Haii.. Namaku Indira Myesha Kirania Syafa, aku adalah anak bungsu dari tiga bersaudara. Kedua Kakakku, kini tidak tinggal bersama kami. Kakak pertamaku tinggal bersama Oma, Kakek dan Nenek di Palembang. Sedangkan Kakak keduaku, dia baru saja diterima disalah satu Institut Pendidikan Dalam Negeri (IPDN). Sebab keinginannya untuk menjadi seorang abdi negara seperti Ayah ditolak mentah-mentah oleh Bunda.
Oh ya, Ayahku seorang Mayor Jenderal bernama Fahri Putra Pratama. Sedangkan Bundaku bernama Gisya Kayla Nursalsabila, Bunda hanya seorang pengusaha kecil. Bunda memiliki toko kue yang diturunkan dari Oma Syifa. Saat ini aku baru saja masuk jenjang Sekolah Menengah Atas. Dengan perlahan, kuturuni tangga dan kulihat Ayah dan Bunda sudah duduk manis dimeja makan.
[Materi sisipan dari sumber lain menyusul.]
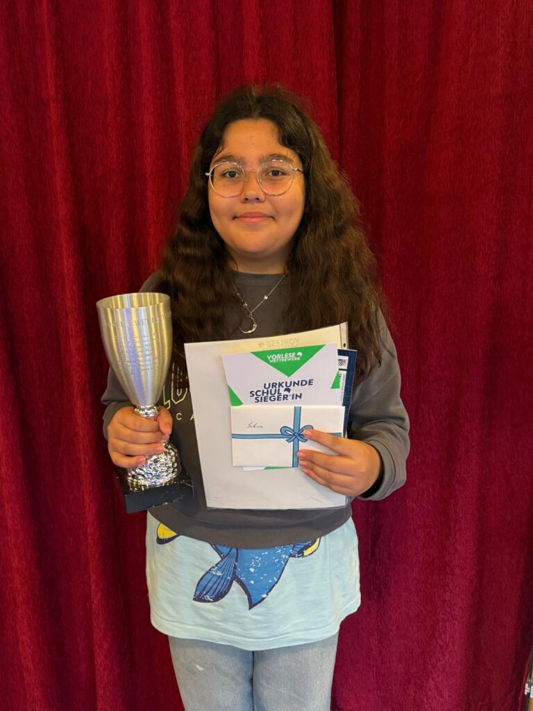 Jeder durfte 2 Freundinnen mitbringen, was für zusätzliche Unterstützung und eine besonders herzliche Atmosphäre sorgte. Nach einer knappen Entscheidung stand schließlich die Schulsiegerin fest: Sakina Guliyev (6d) begeisterte mit einer lebendigen Leseleistung und wurde von der Jury sowie dem Publikum gefeiert.

Beginilah kebiasaan keluarga kami, tak pernah melewatkan sarapan bersama.
"Hari ini Adek diantar Om Mirda, ya! Soalnya Kak Monik mau kawal Bunda," ucap Ayah.
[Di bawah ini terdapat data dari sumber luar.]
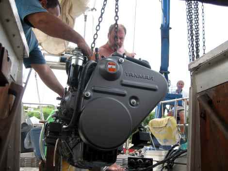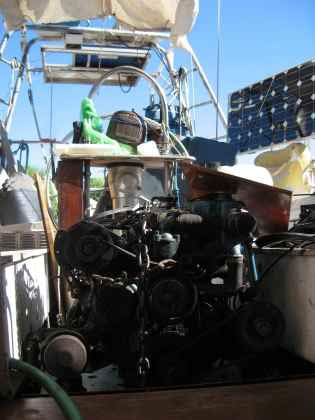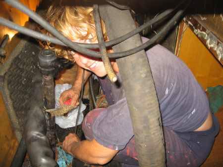 Depuis mardi, Adrian passe de longues heures dans le compartiment moteur. Il est 22 heures 40 lorsque le joli bruit de notre nouveau moteur se fait entendre. Nous allons pouvoir partir l’esprit serein. |

"Iya Ayah," jawabku singkat. Ayah memang sangat melindungi kami sebagai anak-anaknya.
"Katanya Kak Rara bakalan pulang, dia akan tinggal bareng-bareng sama kita sayang," ucap Bunda membuatku tersenyum bahagia.
"Serius Bunda? Adek udah gak sabar!" aku memang sangat merindukan Kak Rara, Kakak yang paling kami sayangi.
"Iya sayang, Om Mirda nanti yang jemput setelah nganterin kamu," ucap Bunda dan aku mengangguk.
Setelah sarapan pagi selesai, aku berpamitan untuk pergi ke sekolah. Sepanjang perjalanan aku hanya diam, membaca novel kesukaanku.
"Nona Dira, kita sudah sampai," ucapan Om Mirda membuatku tersadar.
"Kok cepet banget ya, Om!" ucapku sambil tersenyum kaku.
"Baca novelnya serius banget sih! Hati-hati nona Dira, dan selamat belajar," ucap Om Mirda.
"Terimakasih banyak, Om!" ucapku lalu bergegas pergi menuju gerbang dimana Carel sudah menungguku.
Aku hampiri Carel yang sedang asyik dengan ponselnya, aku hanya menepuk bahunya lalu berjalan menuju kelas.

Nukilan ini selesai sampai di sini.